Further, the judgment module 303 generates a corresponding label according to the extracted features, encodes the features of the label to form a multi-dimensional feature code, then splices the encoded feature vectors to form a two-dimensional image code, and then identifies the code by using a pre-trained neural network to complete the final judgment on whether there is an intermediary intervention.
Referring to fig. 7, fig. 7 is a schematic structural diagram of an electronic device according to an embodiment of the present application. An electronic device 400 provided in an embodiment of the present application includes: a processor 401 and a memory 402, the memory 402 storing machine-readable instructions executable by the processor 401, the machine-readable instructions when executed by the processor 401 performing the method as above.
For example, the processor 401 of the embodiment of the present application may read the computer program from the memory 402 through the communication bus and execute the computer program to implement the following method: a data management method. In some examples, the processor 401 may also update the configuration item, that is, may perform the following steps: receiving input log data, storing the log data to a high-speed access module, and marking storage time when the log data are stored; judging whether the time length between the current time and the storage time of the log data is greater than a preset threshold value or not, and if so, migrating and storing the log data to a common rate access module; and querying existing log data stored, wherein the existing log data comprises log data stored on the high rate access module and the normal rate access module.
The processor 401 may be an integrated circuit chip having signal processing capabilities. The Processor 401 may be a general-purpose Processor, and includes a Central Processing Unit (CPU), a Network Processor (NP), and the like; but also Digital Signal Processors (DSPs), application Specific Integrated Circuits (ASICs), field-Programmable Gate arrays (FPGAs) or other Programmable logic devices, discrete Gate or transistor logic devices, discrete hardware components. Which may implement or perform the various methods, steps, and logic blocks disclosed in embodiments of the present application. A general purpose processor may be a microprocessor or the processor may be any conventional processor or the like.
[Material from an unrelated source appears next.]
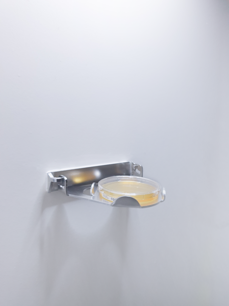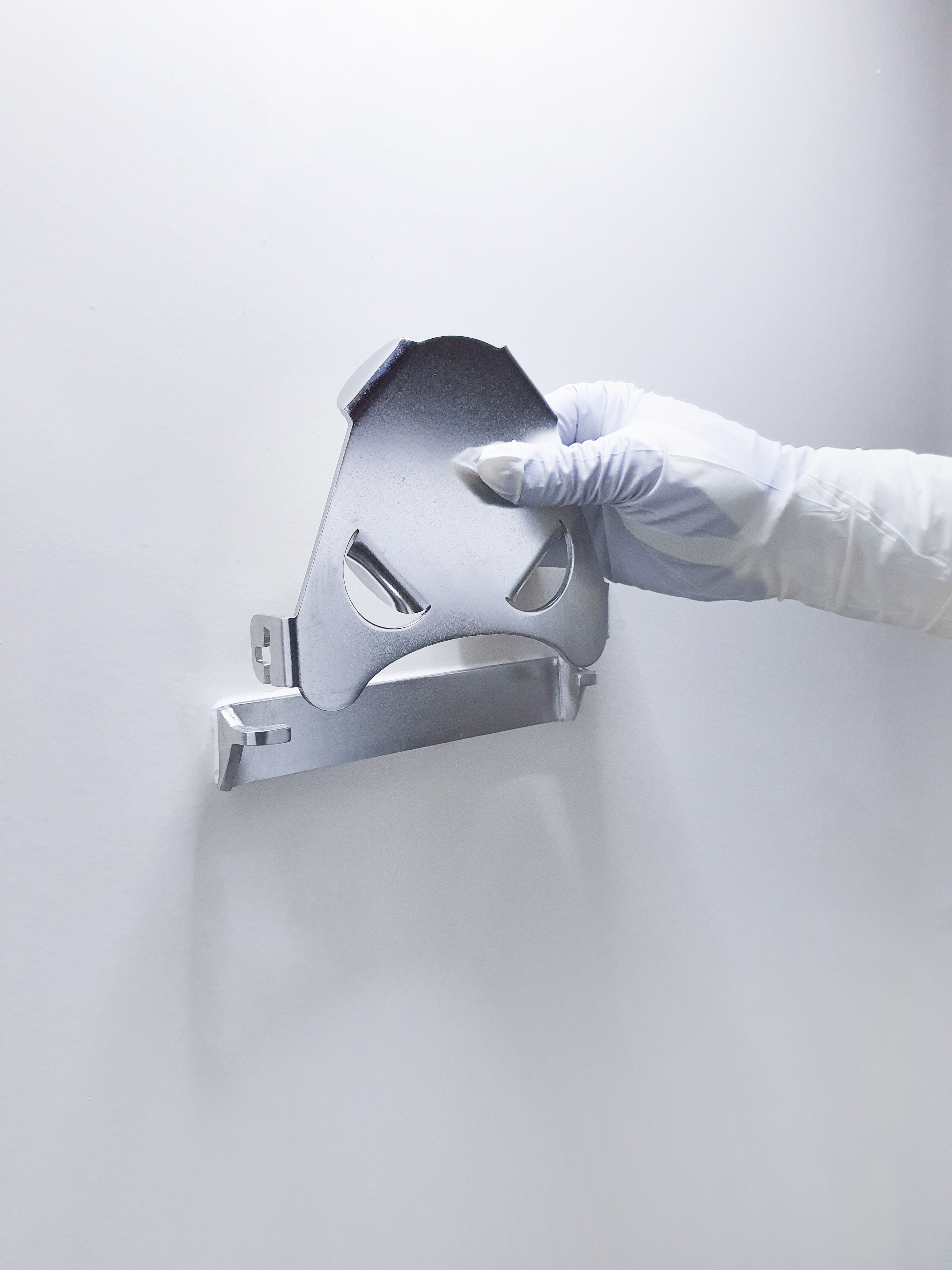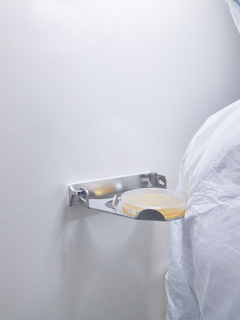 Keep your floors clean – use our shockproofed wall-mountable settle plate holder – with FDA compliant surface – Ra <= 0,4 µm – 219,00 EUR net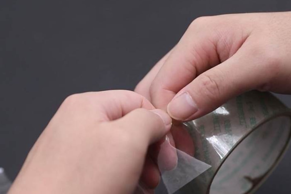 Đầu tiên, bạn kéo đoạn băng dính ra, hai ngón trỏ áp sát vào nhau.

The Memory 402 may include, but is not limited to, random Access Memory (RAM), read Only Memory (ROM), programmable Read Only Memory (PROM), erasable Read Only Memory (EPROM), electrically Erasable Read Only Memory (EEPROM), and the like.
It will be appreciated that the configuration shown in FIG. 7 is merely illustrative and that electronic device 400 may include more or fewer components than shown in FIG. 7 or have a different configuration than shown in FIG. 7. The components shown in fig. 7 may be implemented in hardware, software, or a combination thereof. In the embodiment of the present application, the electronic device 400 may be, but is not limited to, an entity device such as a desktop, a laptop, a smart phone, an intelligent wearable device, and a vehicle-mounted device, and may also be a virtual device such as a virtual machine. In addition, the electronic device 400 is not necessarily a single device, and may also be a combination of multiple devices, such as a server cluster, and the like. In the embodiment of the present application, a server in a method for photographing a vehicle may be implemented by using the electronic device 400 shown in fig. 7.
Embodiments of the present application further provide a computer-readable storage medium, which includes a computer program stored on the computer-readable storage medium, where the computer program includes program instructions, and when the program instructions are executed by a computer, the computer is capable of executing the steps of a data management method in the foregoing embodiments, for example, including: receiving input log data, storing the log data to a high-speed access module, and marking storage time when the log data are stored; judging whether the time length between the current time and the storage time of the log data is greater than a preset threshold value or not, and if so, migrating and storing the log data to a common rate access module; and querying existing log data stored, wherein the existing log data comprises log data stored on the high rate access module and the normal rate access module.
In the embodiments provided in the present application, it should be understood that the disclosed system and method may be implemented in other ways. The above-described embodiments of the apparatus are merely illustrative, and for example, the division of the units is only one logical division, and there may be other divisions when actually implemented, and for example, a plurality of units or components may be combined or integrated into another system, or some features may be omitted, or not executed. In addition, the shown or discussed mutual coupling or direct coupling or communication connection may be an indirect coupling or communication connection of devices or units through some communication interfaces, and may be in an electrical, mechanical or other form.
In addition, units described as separate parts may or may not be physically separate, and parts displayed as units may or may not be physical units, may be located in one place, or may be distributed on a plurality of network units. Some or all of the units can be selected according to actual needs to achieve the purpose of the solution of the embodiment.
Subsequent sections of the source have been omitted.